I’m pleased to introduce the members of the search committee for the Mozilla Foundation Executive Director.
Dan Mosedale: Dan has long experience in Mozilla governance, as well as experience with multiple products, from the Mozilla Application Suite to calendar to Firefox. Dan joined Mozilla as a member of mozilla.org staff in the early, early days. Later he moved to the product group to work on LDAP and related capabilities. He spent a few years away from the project in daily life, but never in spirit. Dan returned to the Mozilla project a few years back when he joined Oracle to work on the Mozilla calendar project. Dan remained at Oracle as the lone Mozilla developer for some time after the Mozilla team there disbanded. He moved to the Mozilla Corporation a while back, worked as the lead calendar developer, and has most recently moved to working on Firefox.
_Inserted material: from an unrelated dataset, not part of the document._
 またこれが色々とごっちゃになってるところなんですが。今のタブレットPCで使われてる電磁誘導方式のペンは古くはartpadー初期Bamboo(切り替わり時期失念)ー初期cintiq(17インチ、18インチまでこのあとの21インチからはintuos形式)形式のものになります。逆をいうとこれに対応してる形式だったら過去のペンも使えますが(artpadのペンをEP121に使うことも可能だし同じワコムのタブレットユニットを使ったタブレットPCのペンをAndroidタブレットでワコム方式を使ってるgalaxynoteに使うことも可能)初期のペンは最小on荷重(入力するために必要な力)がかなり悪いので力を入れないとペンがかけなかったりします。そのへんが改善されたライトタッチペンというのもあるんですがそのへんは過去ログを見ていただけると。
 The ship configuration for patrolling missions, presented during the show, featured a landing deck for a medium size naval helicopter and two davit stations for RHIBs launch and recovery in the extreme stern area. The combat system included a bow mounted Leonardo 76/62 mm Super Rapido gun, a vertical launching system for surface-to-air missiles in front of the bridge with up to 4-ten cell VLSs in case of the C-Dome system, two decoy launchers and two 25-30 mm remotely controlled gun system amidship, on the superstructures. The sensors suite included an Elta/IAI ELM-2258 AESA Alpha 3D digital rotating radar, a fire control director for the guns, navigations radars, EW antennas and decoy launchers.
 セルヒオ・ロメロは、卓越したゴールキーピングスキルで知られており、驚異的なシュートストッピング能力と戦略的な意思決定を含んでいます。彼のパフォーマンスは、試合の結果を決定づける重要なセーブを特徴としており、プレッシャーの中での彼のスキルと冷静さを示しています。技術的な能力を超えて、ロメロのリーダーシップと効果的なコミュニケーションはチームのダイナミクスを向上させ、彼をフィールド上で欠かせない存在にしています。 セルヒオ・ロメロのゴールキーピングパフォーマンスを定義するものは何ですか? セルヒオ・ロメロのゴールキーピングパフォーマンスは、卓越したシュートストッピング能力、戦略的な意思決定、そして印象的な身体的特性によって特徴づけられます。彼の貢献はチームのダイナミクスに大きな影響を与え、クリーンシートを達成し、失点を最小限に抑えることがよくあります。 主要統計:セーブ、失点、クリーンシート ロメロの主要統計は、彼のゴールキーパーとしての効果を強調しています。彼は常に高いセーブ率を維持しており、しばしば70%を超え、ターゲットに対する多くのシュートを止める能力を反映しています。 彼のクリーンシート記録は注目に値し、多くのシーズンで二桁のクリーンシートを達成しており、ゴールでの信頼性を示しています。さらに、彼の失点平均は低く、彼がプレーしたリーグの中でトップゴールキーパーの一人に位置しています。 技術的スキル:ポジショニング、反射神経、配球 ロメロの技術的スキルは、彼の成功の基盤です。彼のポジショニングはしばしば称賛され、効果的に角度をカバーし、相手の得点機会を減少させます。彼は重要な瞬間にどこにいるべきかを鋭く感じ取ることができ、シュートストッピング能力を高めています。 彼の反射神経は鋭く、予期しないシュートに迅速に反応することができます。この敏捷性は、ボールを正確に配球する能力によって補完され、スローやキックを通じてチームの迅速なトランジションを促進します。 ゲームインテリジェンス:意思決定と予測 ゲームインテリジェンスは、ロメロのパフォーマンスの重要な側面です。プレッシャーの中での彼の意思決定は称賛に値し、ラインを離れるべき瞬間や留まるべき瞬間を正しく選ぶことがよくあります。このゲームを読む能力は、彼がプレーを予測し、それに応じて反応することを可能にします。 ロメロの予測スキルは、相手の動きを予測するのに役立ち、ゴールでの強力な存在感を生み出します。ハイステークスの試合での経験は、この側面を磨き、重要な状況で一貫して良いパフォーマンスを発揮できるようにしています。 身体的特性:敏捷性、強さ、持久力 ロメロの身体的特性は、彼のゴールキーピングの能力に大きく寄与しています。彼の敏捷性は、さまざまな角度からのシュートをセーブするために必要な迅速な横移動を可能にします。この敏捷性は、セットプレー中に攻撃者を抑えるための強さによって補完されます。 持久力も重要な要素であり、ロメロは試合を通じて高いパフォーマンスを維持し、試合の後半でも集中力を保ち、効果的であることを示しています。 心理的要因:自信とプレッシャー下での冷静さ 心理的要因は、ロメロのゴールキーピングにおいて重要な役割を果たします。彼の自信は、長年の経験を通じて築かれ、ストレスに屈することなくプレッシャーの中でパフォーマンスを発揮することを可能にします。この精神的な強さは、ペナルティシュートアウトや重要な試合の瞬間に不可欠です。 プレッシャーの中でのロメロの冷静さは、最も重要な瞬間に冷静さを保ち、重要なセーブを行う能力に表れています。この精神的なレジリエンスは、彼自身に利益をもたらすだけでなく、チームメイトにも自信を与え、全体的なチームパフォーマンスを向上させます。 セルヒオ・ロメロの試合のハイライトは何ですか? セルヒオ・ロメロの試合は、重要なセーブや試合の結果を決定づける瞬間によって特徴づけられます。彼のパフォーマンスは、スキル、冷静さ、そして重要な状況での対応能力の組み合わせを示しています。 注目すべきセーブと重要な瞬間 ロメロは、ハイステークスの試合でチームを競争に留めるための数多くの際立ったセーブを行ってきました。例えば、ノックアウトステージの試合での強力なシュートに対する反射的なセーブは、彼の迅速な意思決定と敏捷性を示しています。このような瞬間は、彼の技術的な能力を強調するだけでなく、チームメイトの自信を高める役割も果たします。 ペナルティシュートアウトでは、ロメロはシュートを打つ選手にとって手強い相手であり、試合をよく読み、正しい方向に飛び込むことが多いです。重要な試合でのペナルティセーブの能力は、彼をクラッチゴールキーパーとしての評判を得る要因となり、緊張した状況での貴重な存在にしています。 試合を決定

Deb Richardson: Deb is a long-time member of the Linux world, and one of the founders of the Linuxchix. She came to the Mozilla project a few years back. Deb’s initial challenge was to create a useful developer documentation site. We had always known our documentation was poor. If you look today you can see the results of Deb’s efforts, now under the leadership of Eric Shepherd. The Mozilla Developer Center contains documentation for multiple aspects of the Mozilla project, from technologies to projects to products. Deb most recently turned her attention to product management, working on Firefox product planning.
Deb also has a significant interest in Mozilla organization and governance. It was Deb who took my initial draft of a document about the Mozilla vision, teased apart the separate threads, and created the structure for the parts that eventually became the Mozilla Manifesto. Many contributed to the Manifesto, but Deb’s early, giant contribution made a huge difference in getting this done.
Robert Kaiser: Robert has also been part of the Mozilla project for many years. He started as a localizer of the Mozilla Application Suite. Today he is the one of the leaders of the SeaMonkey project. The SeaMonkey community group took over ongoing development of the integrated mail/news client known as the Mozilla Application Suite when it was retired as an official project. SeaMonkey is a vibrant, successful community project with ongoing development work and project releases. Robert interacts regularly with other members of the Mozilla project across a range of topics.
Stuart Parmenter: Stuart came to the Mozilla project as a high-school volunteer. He joined Netscape in 1999 and has been working in the Mozilla world almost constantly since then. Not long after the Mozilla Foundation was formed Stuart joined Oracle to work on the Mozilla calendar team there. He moved to Mozilla a year or so later, returning to his original interest in graphics.
Stuart also has an interest in Mozilla project dynamics. Stuart lead the recent effort to review and restructure our code modules, as well as started the process of thinking about non-code modules. He’s been active in thinking about the role of super-reviewers and other governance mechanisms.
Bob Lisbonne: Bob is a long-time friend of the Mozilla project. Bob was involved in the launch and early days of the Mozilla project at Netscape, and has been involved in the browser space since the early Netscape versions. Bob has consistently provided reasoned and thoughtful advice to the Mozilla project, and joined the Mozilla Foundation Board of Directors in late 2006. Bob is currently a general partner with the venture capital firm Matrix Partners. His involvement with Mozilla is a personal effort, not to be associated with or attributed to Matrix Partners.
Mitchell Baker: I joined the Mozilla project part time in 1998 and full time in 1999. I’ve been the general manager of the project (known as the Chief Lizard Wrangler) since 1999 and have been involved in a broad range of Mozilla activities. Together with Brendan Eich I lead the effort to form the Mozilla Foundation and the Mozilla Corporation, and to articulate the Mozilla vision through the Mozilla Manifesto.